| Spotlight on Jobs: Engineer
Interest,
opportunities on rise
Maine Sunday Telegram
February 23, 2003 National Engineering
Week ran through Feb. 22, but the Maine Engineering Promotion Council
is going one better – extending Maine's own E-Week
right through next weekend. You might say that's appropriate, because engineers – and
prospective engineers – in Maine have reason to celebrate.
|
A
day at work with: Bruce Hunt, project manager, Woodard & Curran
"One of the cool things about this job is that I've been
in so many facilities nobody would ever see, unless they worked
there … paper mills, circuit board manufacturers, industrial
laundries, foundries, universities, bottled water plants. But one
way or another, I'm trying to help a client get from point A to
point B, look at the options and at what the facility can take,
and give them a cost effective solution that will allow them to
do what they want to do, for whatever type of business model.
"The days vary, depending on what phase we're into with a
project. One a typical day, I'm using a lot of writing skills.
You have to have decent communications abilities … To some
degree how much you use them depends on where you are in your career.
At entry level you'd be handling a lot more engineering work. Later
you're typically more involved with clients, and editing others'
reports. It's more a management phase, where you're looking after
the big picture rather than focusing on the individual task.
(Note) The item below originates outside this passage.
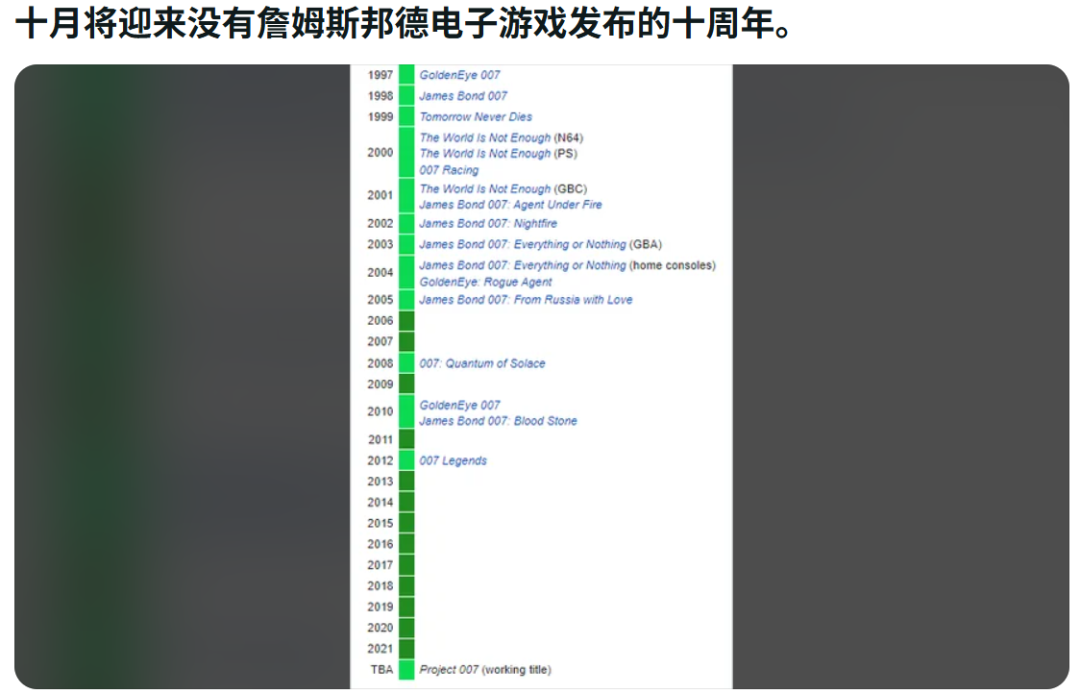 這倒不是説007系列沒出過遊戲,只是當時IP改遊戲的意義主要是為電影宣傳的一部分,製作工期受制於電影上映,做出來的東西自然好不到哪去。

"So, typically, I'll be talking to clients, going out to
a site to check on progress, whether we're on schedule or have
to get back on … and invoicing the client. That's a small
piece of the job, but you caught me doing that this morning. After
that I'll be meeting with a couple of colleagues for a kick off
meeting of a couple of projects – ‘here's where we
are, here's where we need to get to,' and everybody takes off and
starts working." |
Engineers and engineering
technicians are much in demand here, and nationwide. Maine now has 5,540
engineers in various disciplines, according to Bureau
of Labor statistics cited by David Bragdon, communications director of
the Maine Science and Technology Foundation, a state-chartered, nonprofit
corporation based in Portland. But a shortage of students is "of real
concern," Bragdon said.
"Nationally, the number of engineering students peaked in 1986. Since
then, there has been almost a 20 percent decline," Bragdon said.
Fortunately, thanks
in part to energetic campaigning by the University of Maine System, the
state has seen a significant increase in people studying
engineering: up 23 percent at UMaine (70 percent of them in-state students)
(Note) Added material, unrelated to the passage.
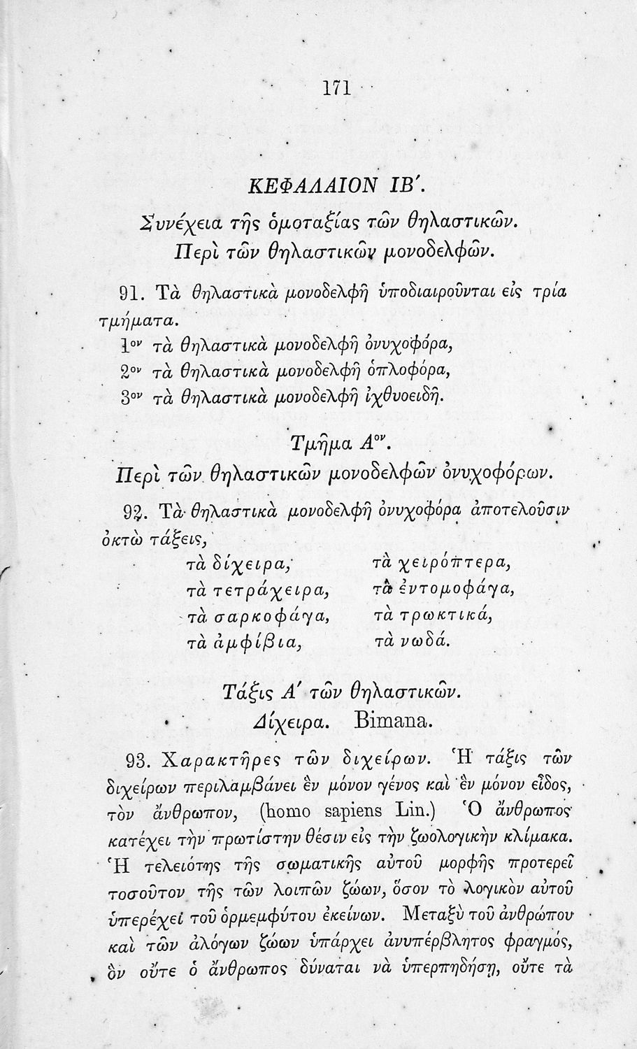 Σχολικό εγχειρίδιο Ζωολογίας που αντιμετωπίζει τις φυσικές επιστήμες ως "υπηρέτριες της θρησκείας" και εκκινεί από την "ηθική ωφέλεια που προκύπτει από την κατανόηση της άπειρης σοφίας και αγαθότητας του Δημιουργού".

and 100 percent in the University of Southern Maine's engineering program
over the last year, Bragdon said. Maine Maritime Academy is "another
prime source of engineering talent focusing on marine as well as power
systems," Bragdon said.
Why the interest? For
one thing, the average starting salary of 2002 UMaine engineering grads
who stayed to work in Maine is $47,000, Bragdon noted –"well
above the state average." And at Woodard & Curran in Portland,
project manager Bruce Hunt makes clear it is a rewarding profession in
many ways.
"Two types of project, especially," Hunt says. "Those
you start, and do design for, and eventually do the startup and see it
work
the way it was supposed to. That's one of the greatest things, when you've
started with a blank page.
"The other, a ton of fun, is going out when a client is having trouble
with a system – for example, a waste system whose discharge isn't
what the client wants it to be. You analyze it, do bench scale testing
for different things, look at where the system is… When you do trials
at full scale, and produce results for stuff that's bugging the client
for ages, it's very rewarding."
In the job market,
Bragdon sees growth. "Cianbro, for example pursuing
the ($100 million) oil rig construction," Bragdon said. "That's
part of the development of a new market and one example of Maine companies
being out there looking for new opportunities."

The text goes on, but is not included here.